On 18:44 Tue 08 Jun , Stephen Colebourne via tz wrote:
On Tue, 8 Jun 2021 at 17:23, Paul Eggert via tz <tz@iana.org> wrote:
On 6/8/21 1:56 AM, Stephen Colebourne via tz wrote:
It is possible to automatically derive the data for group 1 from the data for group 2. The other way around is not possible.
That's OK, as I'm not proposing the other way around. I'm merely proposing a flag to generate either group-1-style or group-2-style data from what we have now. This should be doable relatively easily. (And if I'm wrong, we can revisit this technical issue of course.)
Are you proposing a makefile option to recreate the original source files using the data in backzone?

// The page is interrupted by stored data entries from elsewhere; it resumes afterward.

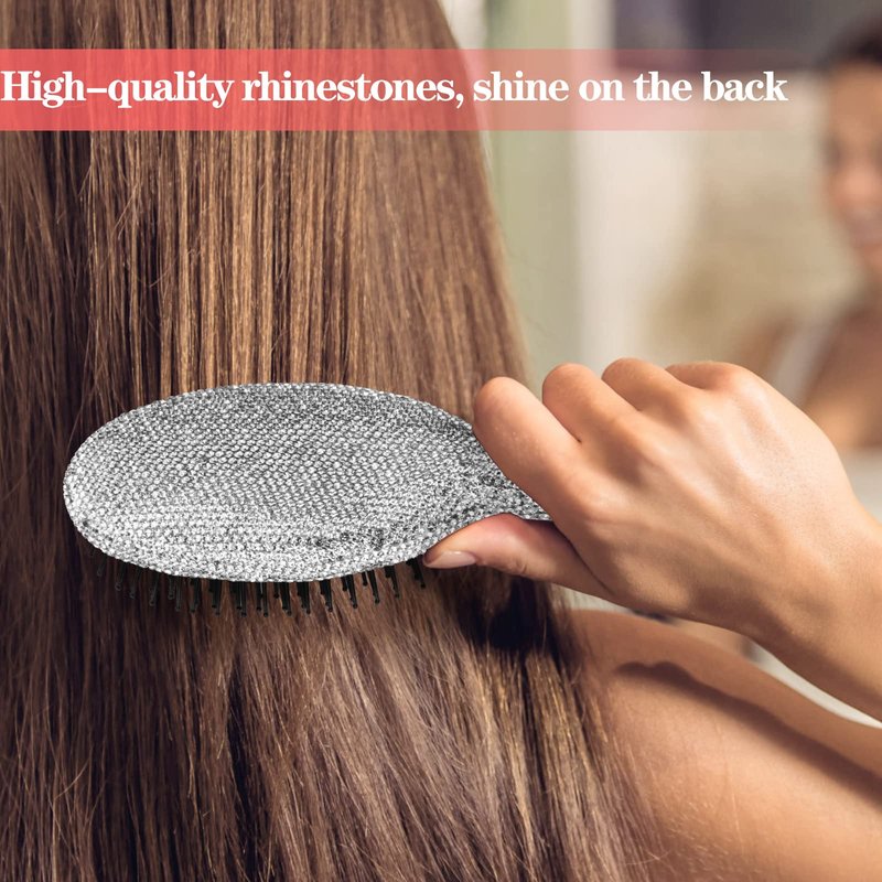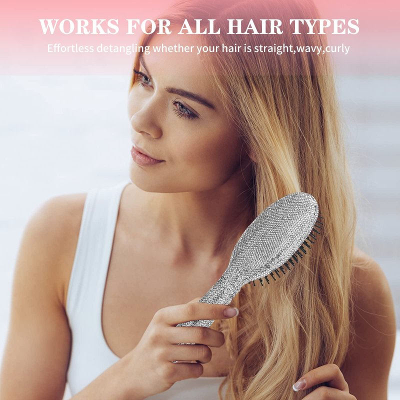 Hair Brush Detangle Hair Brushes for Women, Detangling Brush For Curly Hair, Detangle Brush, Wet Hair Brush for Thick Hair, Women Hair Brush For Curly Hair, Brushes For Hair Handmade Luxury Bling Crystal Paddle Brush Cute Rhinestone(Gray)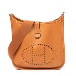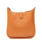 HERMES - SAC à main modèle "Evelyne I" PM en cuir de veau couleur gold, bandoulière en tissu, agréments en palladium. Lettre K dans un carré. 29 x 30 x 8 cm. Excellent état général, infimes usures et taches.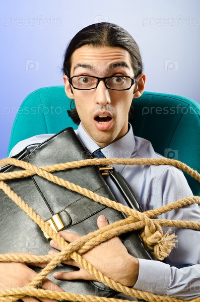 Бизнесмен, привязанный веревкой к рабочему месту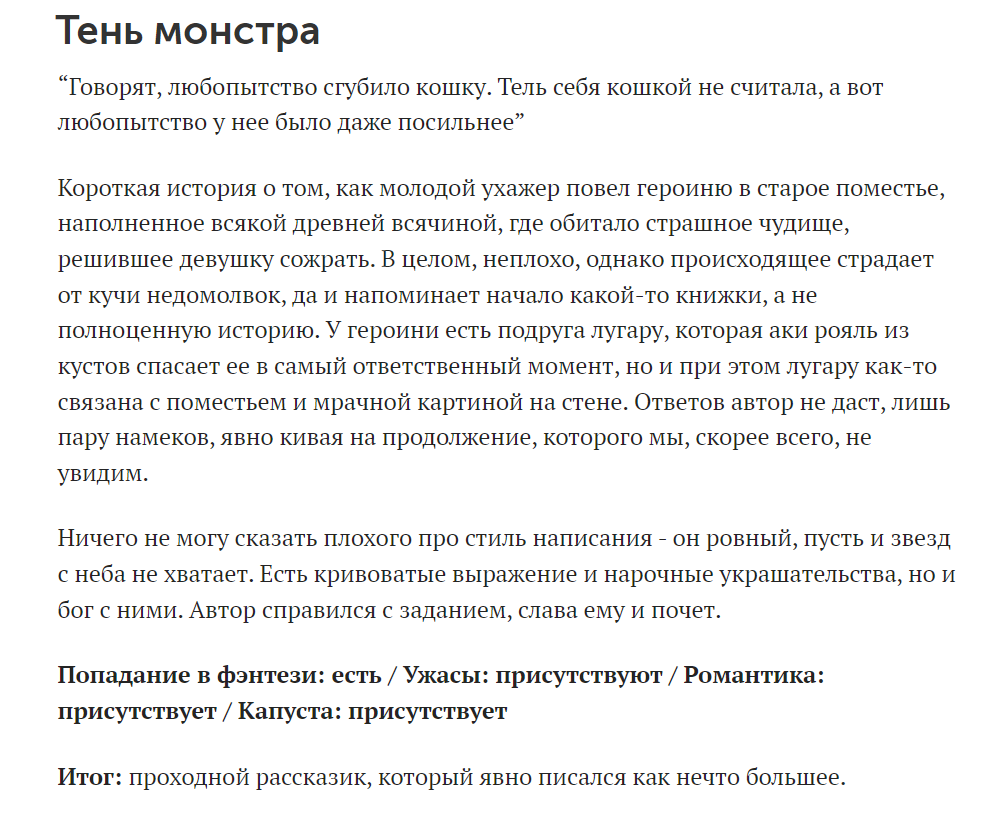 Работа не опубликована, как справедливо заметили жюри - получился кусок от чего-то большего. Полежит в закромах, выправлю, допишу, придумаю обложку - и вот тогда уже можно будет публиковать. Впрочем, если кому интересно, как конкурс, так и первоначальный вид работы, то можно обратиться по этим ссылкам: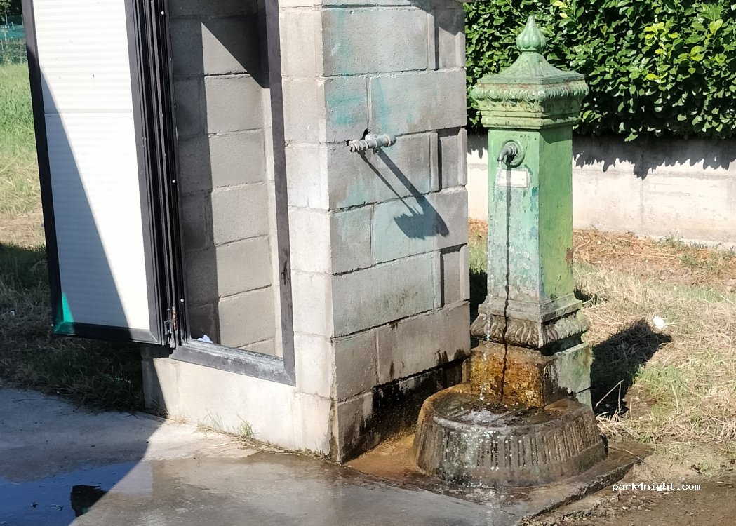 Espace pour faire le plein d'eau douce/évacuer les eaux usées. Fontaine disponible, mais sans aucune possibilité de connexion. Il est donc préférable d'apporter un arrosoir ou de grandes bouteilles avec vous. Endroit très calme, mais juste à côté d'un dépotoir. Tourner à gauche juste avant le cimetière au bout de la ville. "Isola ecologica" suit.

That seems much harder work than doing it the other way around and prone to error. (Remember that downstream projects need the correct source files, not any other output file)
One key advantage of the `idmerge` file is that it makes the merge process obvious. ie. that TZDB favours Berlin over Stockholm/Oslo. I'm proposing that the historic data is present in its original location (africa to southamerica). And I propose that the flag and `idmerge` provide the necessary tools to reduce the file size for those that need it.
+1
The importance of the full dataset being the default can be seen here for example: https://www.oracle.com/java/technologies/javase/tzupdater-readme.html As can be seen, the docs expect users to download the latest tarball. It isn't reasonable for TZDB to demand all downstream users change their URL. Another variant of the same tool: https://docs.azul.com/core/timezone-updater
I work on OpenJDK for Red Hat, as one of three OpenJDK 8u upstream maintainers [0] and also packaging various versions for Fedora, CentOS and RHEL. We have similar tooling (based on what is in OpenJDK itself) in Fedora, CentOS & RHEL to produce the Java data files from the TZDB sources. This performs the same purpose as these tools; it allows updated Java data files to be produced for the latest tzdb update, without the JDK itself having to be updated. I agree with Stephen that expecting every downstream usage of this data to be updated is unreasonable, when it can just be fixed at source. I don't see a strong case for the new structure to be the default and to expect every downstream user to alter their code. That in itself implies an amount of risk, as much downstream use is in very stable codebases.
Here is another example, where a downstream system has had to adapt to retain compatibility: http://hg.openjdk.java.net/jdk8u/jdk8u/jdk/file/801874e394a7/make/gendata/Ge... https://github.com/openjdk/jdk/blob/master/make/data/tzdata/jdk11_backward
I think the better link may be: https://hg.openjdk.java.net/jdk8u/jdk8u/jdk/diff/7dcb74c3ffba/makefiles/Gend... which shows the change and https://hg.openjdk.java.net/jdk8u/jdk8u/jdk/rev/7dcb74c3ffba/makefiles/Genda... the entire changeset. We would have to bring any future tzdata update into the 8u repositories, which are stable repositories designed for security and bug fixes. We don't want to be doing major reworks of TZDB data handling there. On that note, 8u still uses rearguard format, because we decided the risk to switch to vanguard was not worth it. [1] [2]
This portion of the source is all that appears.